*** Supplied material Section Begins ***

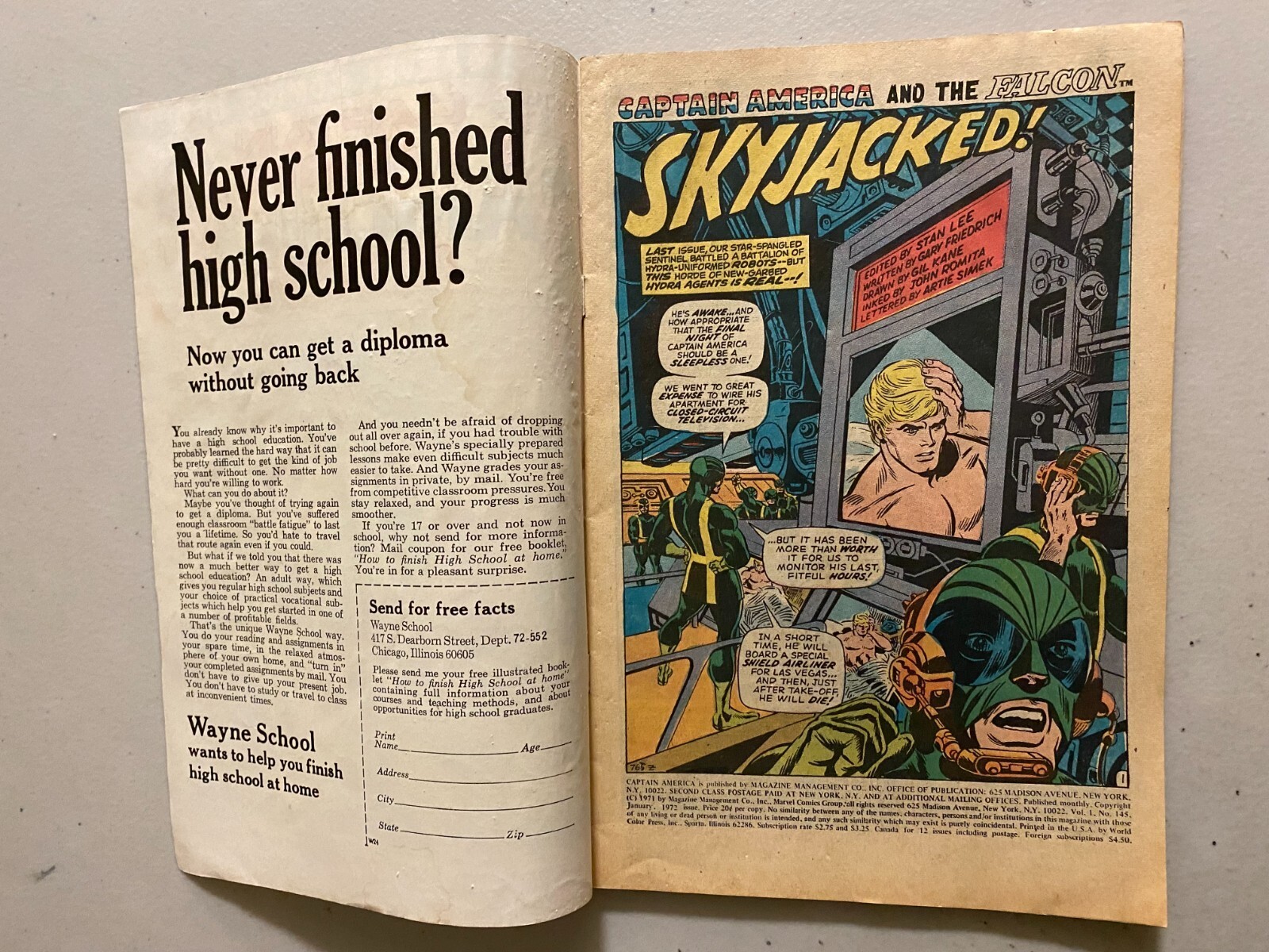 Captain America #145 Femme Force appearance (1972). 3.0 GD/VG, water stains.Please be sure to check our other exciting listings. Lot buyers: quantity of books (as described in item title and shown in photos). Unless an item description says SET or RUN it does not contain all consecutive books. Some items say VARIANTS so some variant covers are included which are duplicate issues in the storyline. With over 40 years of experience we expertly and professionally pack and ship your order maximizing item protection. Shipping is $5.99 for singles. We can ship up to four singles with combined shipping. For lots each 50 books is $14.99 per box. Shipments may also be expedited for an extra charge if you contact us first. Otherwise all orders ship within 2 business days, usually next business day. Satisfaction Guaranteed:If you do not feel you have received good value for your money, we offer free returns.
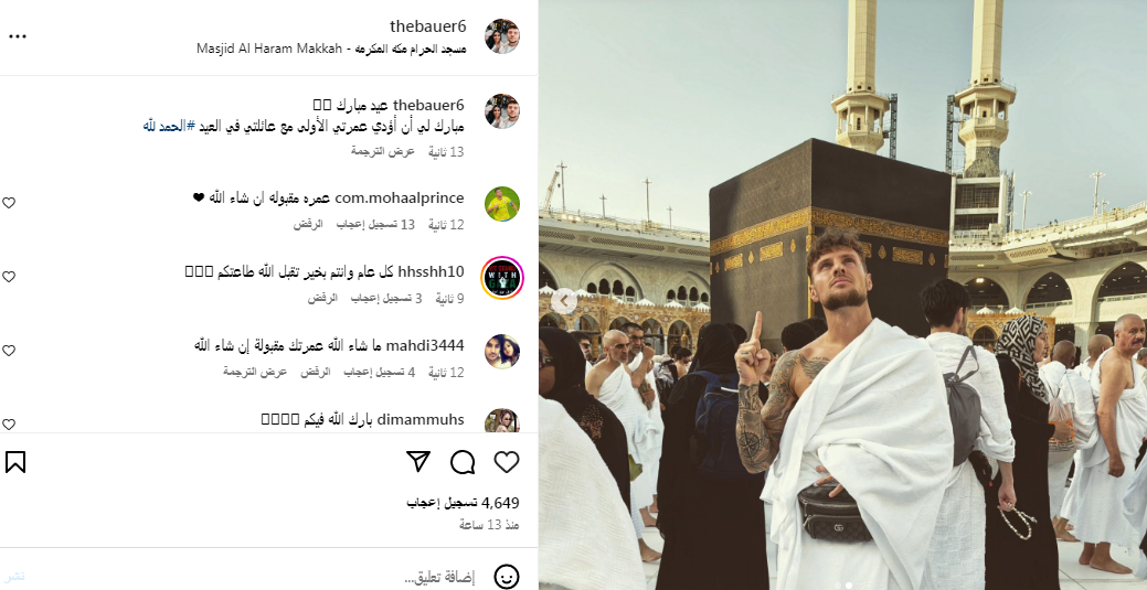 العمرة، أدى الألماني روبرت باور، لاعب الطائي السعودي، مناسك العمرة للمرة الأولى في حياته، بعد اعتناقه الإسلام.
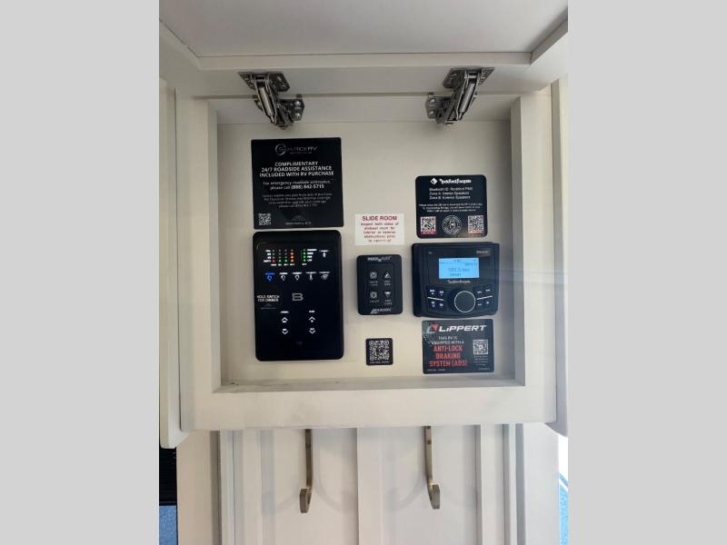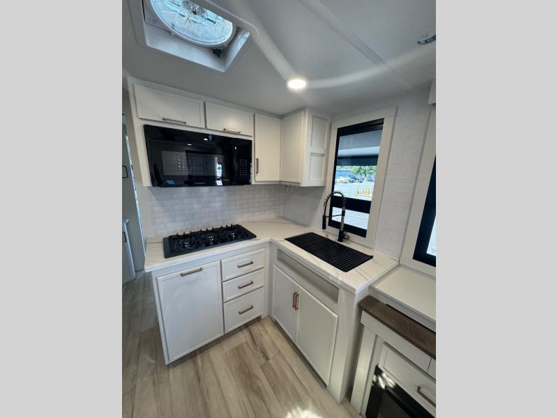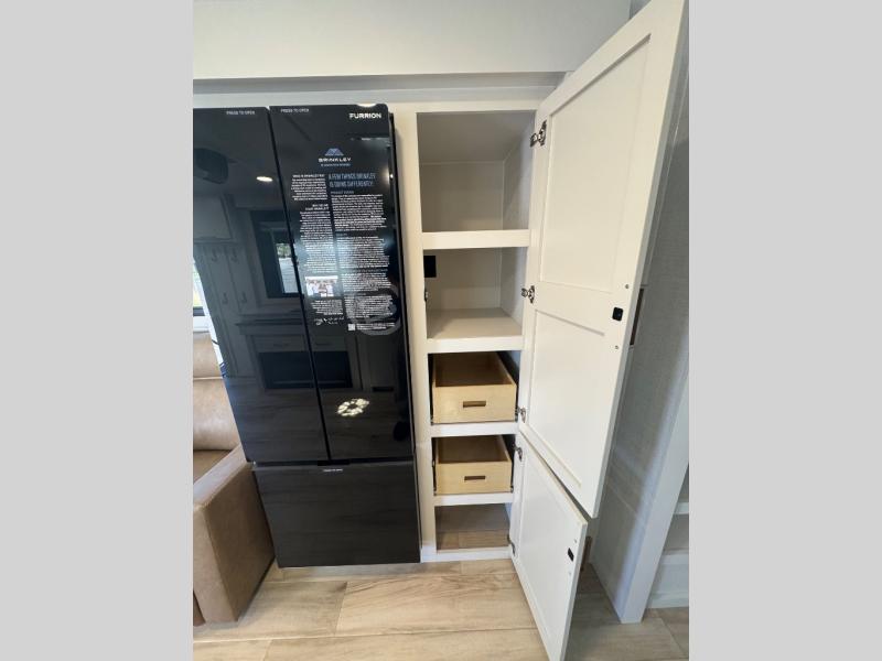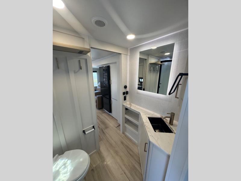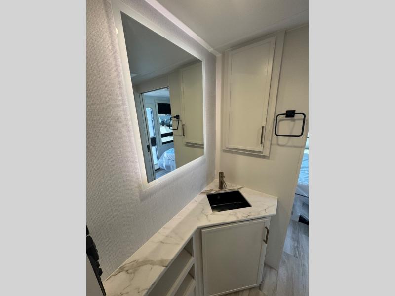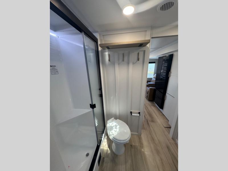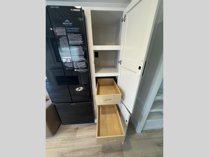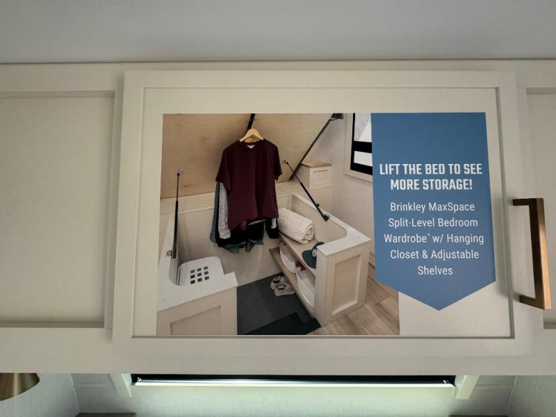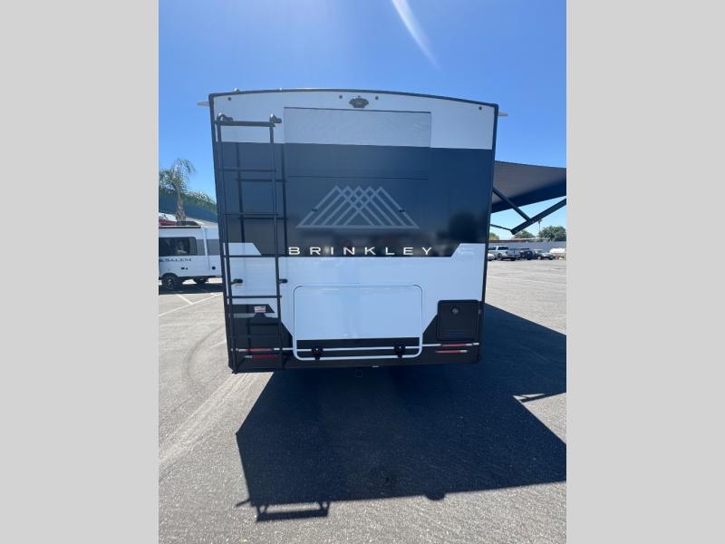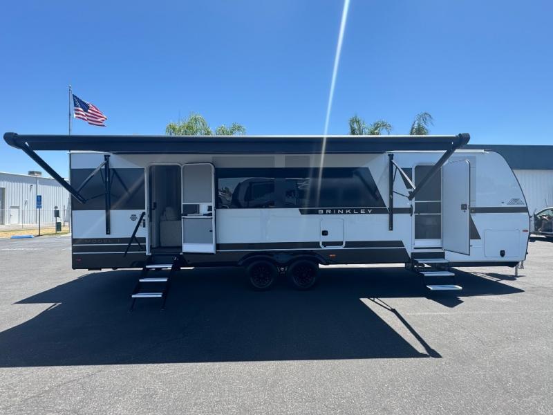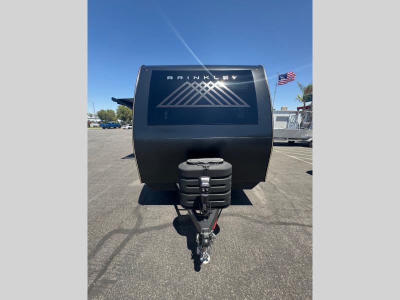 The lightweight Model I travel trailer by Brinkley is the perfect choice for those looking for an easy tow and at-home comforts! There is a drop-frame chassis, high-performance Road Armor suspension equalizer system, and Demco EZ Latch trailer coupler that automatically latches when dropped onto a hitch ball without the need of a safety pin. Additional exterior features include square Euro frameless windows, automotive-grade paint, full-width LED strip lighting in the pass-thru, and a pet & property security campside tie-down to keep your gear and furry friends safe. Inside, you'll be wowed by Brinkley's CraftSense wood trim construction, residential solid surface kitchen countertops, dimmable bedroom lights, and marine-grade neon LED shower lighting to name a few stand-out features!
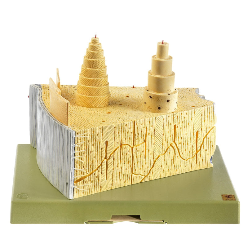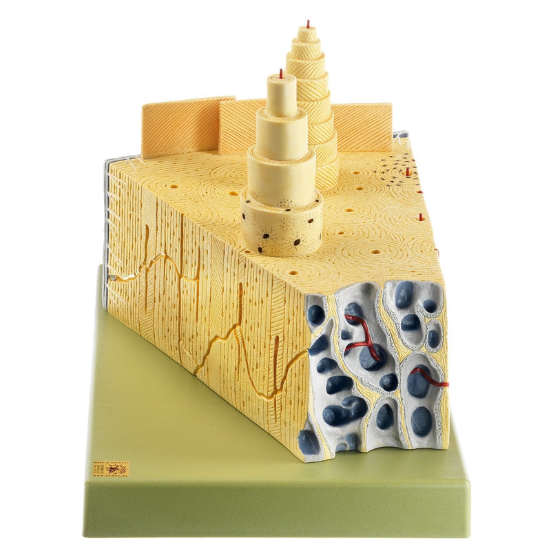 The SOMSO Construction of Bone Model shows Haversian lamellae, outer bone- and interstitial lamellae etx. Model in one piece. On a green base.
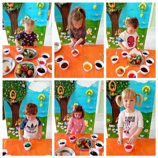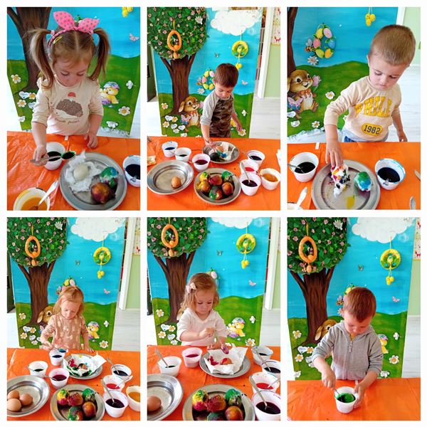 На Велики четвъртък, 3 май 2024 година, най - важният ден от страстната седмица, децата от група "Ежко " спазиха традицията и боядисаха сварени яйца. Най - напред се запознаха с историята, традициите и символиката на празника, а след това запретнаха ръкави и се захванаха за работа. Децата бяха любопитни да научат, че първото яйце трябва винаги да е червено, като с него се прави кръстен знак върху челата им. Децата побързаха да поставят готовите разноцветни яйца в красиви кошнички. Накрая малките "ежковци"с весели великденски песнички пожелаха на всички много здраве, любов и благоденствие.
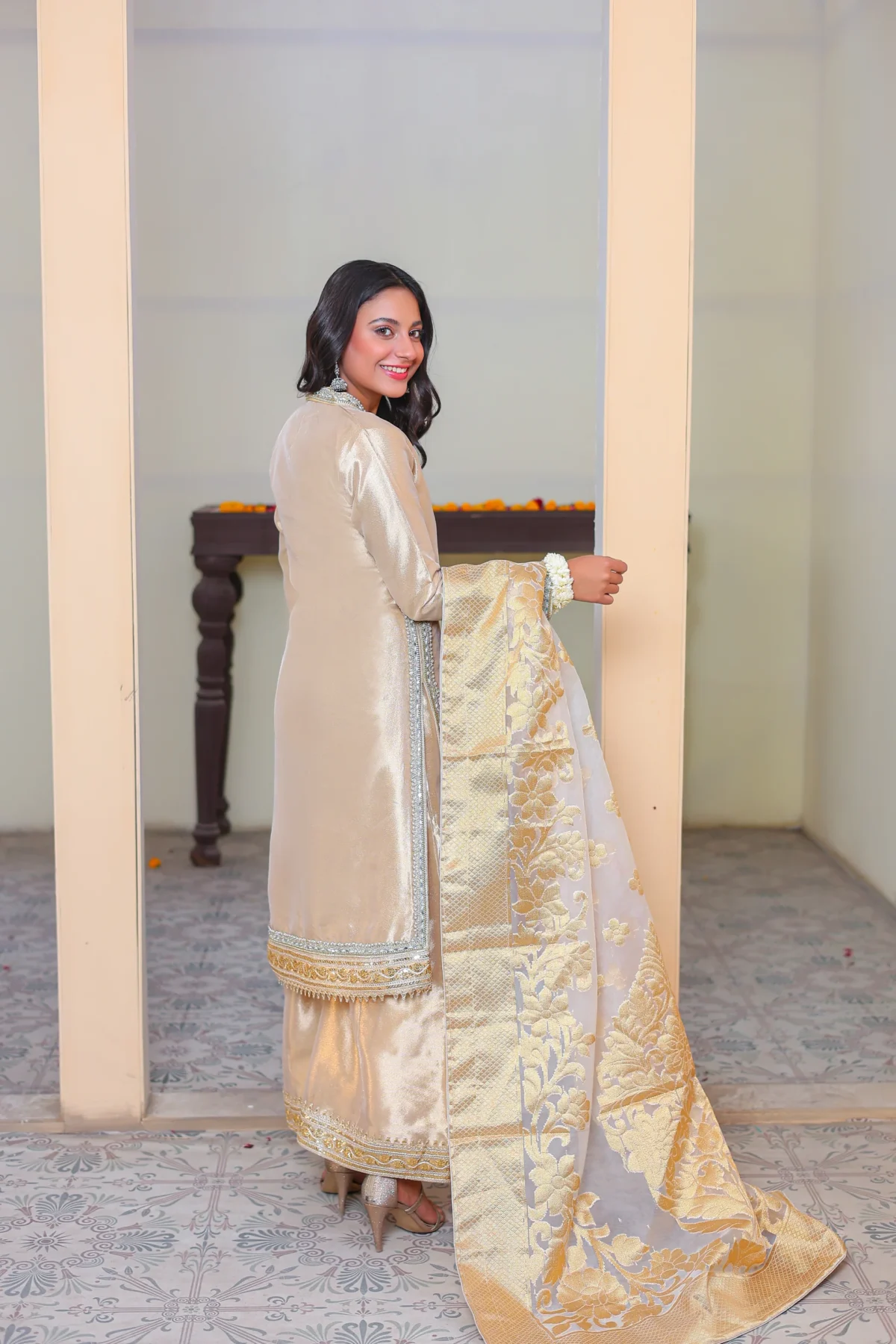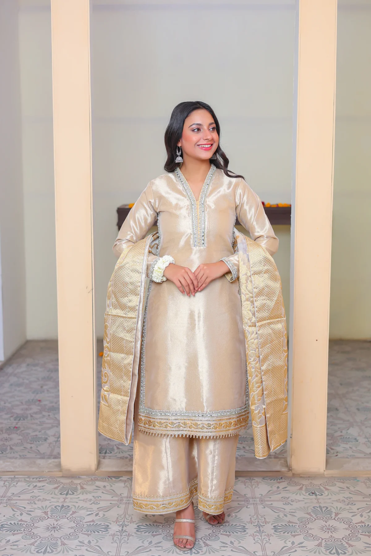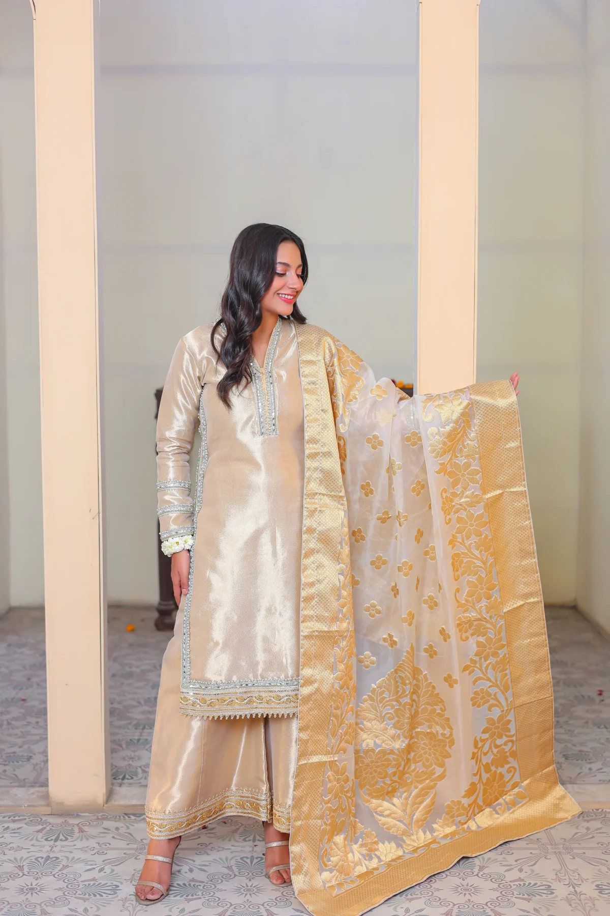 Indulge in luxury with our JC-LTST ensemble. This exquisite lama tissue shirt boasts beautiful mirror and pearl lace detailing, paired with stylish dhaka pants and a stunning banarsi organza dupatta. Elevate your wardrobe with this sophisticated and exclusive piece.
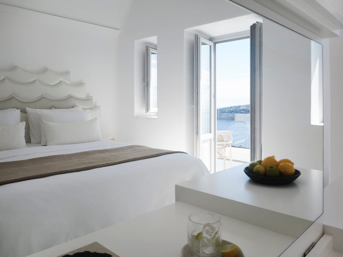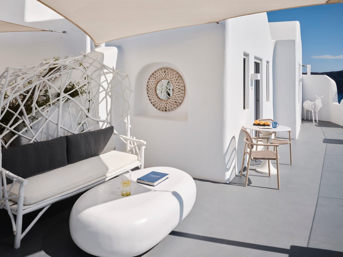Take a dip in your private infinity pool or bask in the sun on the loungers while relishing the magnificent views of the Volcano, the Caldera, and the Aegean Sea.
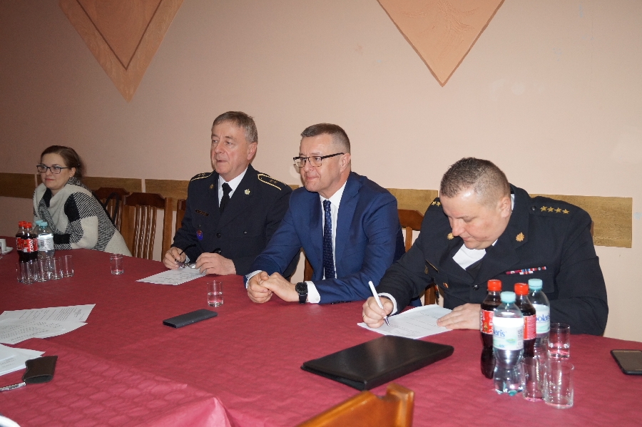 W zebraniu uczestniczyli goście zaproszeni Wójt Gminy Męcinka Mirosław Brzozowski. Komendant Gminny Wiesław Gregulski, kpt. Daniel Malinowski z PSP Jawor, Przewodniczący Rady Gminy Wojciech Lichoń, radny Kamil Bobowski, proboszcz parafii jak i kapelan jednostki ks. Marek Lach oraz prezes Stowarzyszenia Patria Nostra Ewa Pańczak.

*** Supplied material Section Ends ***

**Exercise**
Print, word for word, the lines above that run from the line containing "The lightweight Model" to the line containing "Take a dip in", both included. Keep the pictures out.

**Exercise solution**
 The lightweight Model I travel trailer by Brinkley is the perfect choice for those looking for an easy tow and at-home comforts! There is a drop-frame chassis, high-performance Road Armor suspension equalizer system, and Demco EZ Latch trailer coupler that automatically latches when dropped onto a hitch ball without the need of a safety pin. Additional exterior features include square Euro frameless windows, automotive-grade paint, full-width LED strip lighting in the pass-thru, and a pet & property security campside tie-down to keep your gear and furry friends safe. Inside, you'll be wowed by Brinkley's CraftSense wood trim construction, residential solid surface kitchen countertops, dimmable bedroom lights, and marine-grade neon LED shower lighting to name a few stand-out features!
 The SOMSO Construction of Bone Model shows Haversian lamellae, outer bone- and interstitial lamellae etx. Model in one piece. On a green base.
 На Велики четвъртък, 3 май 2024 година, най - важният ден от страстната седмица, децата от група "Ежко " спазиха традицията и боядисаха сварени яйца. Най - напред се запознаха с историята, традициите и символиката на празника, а след това запретнаха ръкави и се захванаха за работа. Децата бяха любопитни да научат, че първото яйце трябва винаги да е червено, като с него се прави кръстен знак върху челата им. Децата побързаха да поставят готовите разноцветни яйца в красиви кошнички. Накрая малките "ежковци"с весели великденски песнички пожелаха на всички много здраве, любов и благоденствие.
 Indulge in luxury with our JC-LTST ensemble. This exquisite lama tissue shirt boasts beautiful mirror and pearl lace detailing, paired with stylish dhaka pants and a stunning banarsi organza dupatta. Elevate your wardrobe with this sophisticated and exclusive piece.
Take a dip in your private infinity pool or bask in the sun on the loungers while relishing the magnificent views of the Volcano, the Caldera, and the Aegean Sea.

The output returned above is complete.